# Thread: how to factorise this

1. ## how to factorise this

Trying to jog my memory here, how would I go about factorising this, as I'm trying to find its limit as x approaches 3 from the left.

$\frac{{x^2 - x + 12}}{{x + 3}}$

2. fyi, the numerator will not factor, but why factor at all? there is no discontinuity at x = 3 ... just plug in 3 for x and calculate the limit straight up.

3. sorry should be as x approaches -3 (not 3). How would I go about finding the limit then in this case?

4. Originally Posted by Craka
sorry should be as x approaches -3 (not 3). How would I go about finding the limit then in this case?
It's already been pointed out that the numerator does not factorise. So you can't cancel a common factor of x + 3.

The limit approaches -oo as x --> -3 from the left.

If you don't like this answer, I suggest you go back to the original question and check whether you made a mistake in copying it. If you haven't made a mistake in the equation posted, then I'm afraid you're stuck with the answer I've given.

5. Sorry to clarify, the question ask to find the value for the for the following expression.

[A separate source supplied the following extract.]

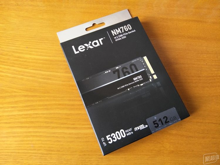 雷克沙固态硬盘的包装是一个可以悬挂的扁盒子,以黑色为主色调,盒子正面有硬盘的图片,上方是雷克沙的logo,右上是产品的型号,这款是NM760,左下是明显的读取速度信息,这款SSD的读取速度可以达到5300MB/s,右下角标明了硬盘的容量,512GB。

$\displaystyle \mathop {\lim }\limits_{x \to ( - 3)} \frac{{x^2 - x + 12}}{{x + 3}}$

6. Originally Posted by Craka
Sorry to clarify, the question ask to find the value for the for the following expression.

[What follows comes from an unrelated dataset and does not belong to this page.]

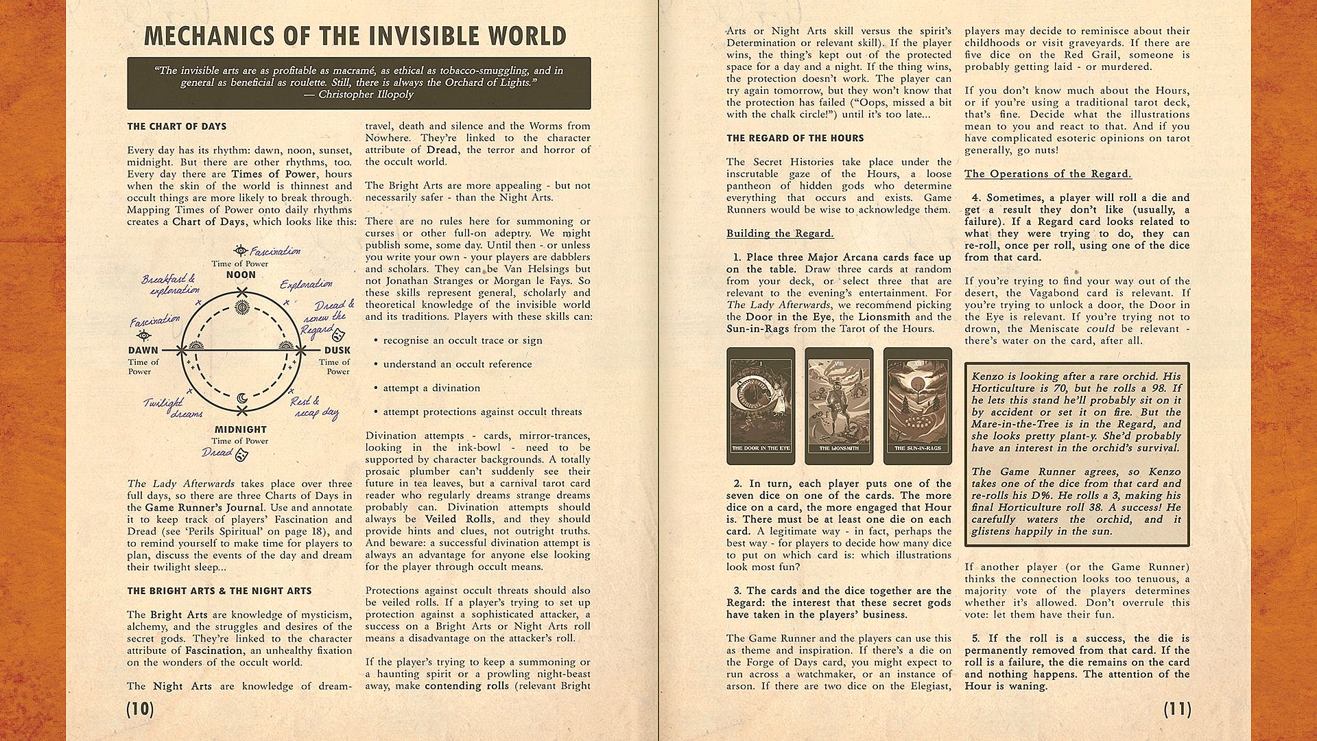 The Secret Histories Rulebook, a 30-page guide to Cultist's tabletop rules and mechanics

$\displaystyle \mathop {\lim }\limits_{x \to ( - 3)} \frac{{x^2 - x + 12}}{{x + 3}}$

Did you check the question like I asked?

To get that answer the numerator must be $\displaystyle x^2 - x {\color{red}-} 12$ NOT $\displaystyle x^2 - x {\color{red}+} 12$ as you've posted several times now.

$\displaystyle x^2 - x - 12 = (x - 4)(x + 3)$.

7. Yes I have checked the question several times. That is the question being asked. From what you are saying it appears there is a mistake in the question being asked on the paper.

8. Originally Posted by Craka
Yes I have checked the question several times. That is the question being asked. From what you are saying it appears there is a mistake in the question being asked on the paper.
Looks like it.

9. Apply the L'HOSPITAL RULE
differentiate with respect rule
u will get
=lim x-->-3 (2x-1)
=2(-3)-1
=-6-1
=-7

10. Originally Posted by Craka
Trying to jog my memory here, how would I go about factorising this, as I'm trying to find its limit as x approaches 3 from the left.

$\frac{{x^2 - x + 12}}{{x + 3}}$
Originally Posted by Craka
sorry should be as x approaches -3 (not 3). How would I go about finding the limit then in this case?
Originally Posted by tutor
Apply the L'HOSPITAL RULE
differentiate with respect rule
u will get
=lim x-->-3 (2x-1)
=2(-3)-1
=-6-1
=-7
NO!!

The limit does NOT have an indeterminant form 0/0. Using l'Hopital's Rule here is totally wrong.

This is the problem with l'Hopital's Rule - it's a lazy approach that is easily abused.

(And in a pre-algebra forum I doubt that l'Hopital's Rule has ever even been heard of).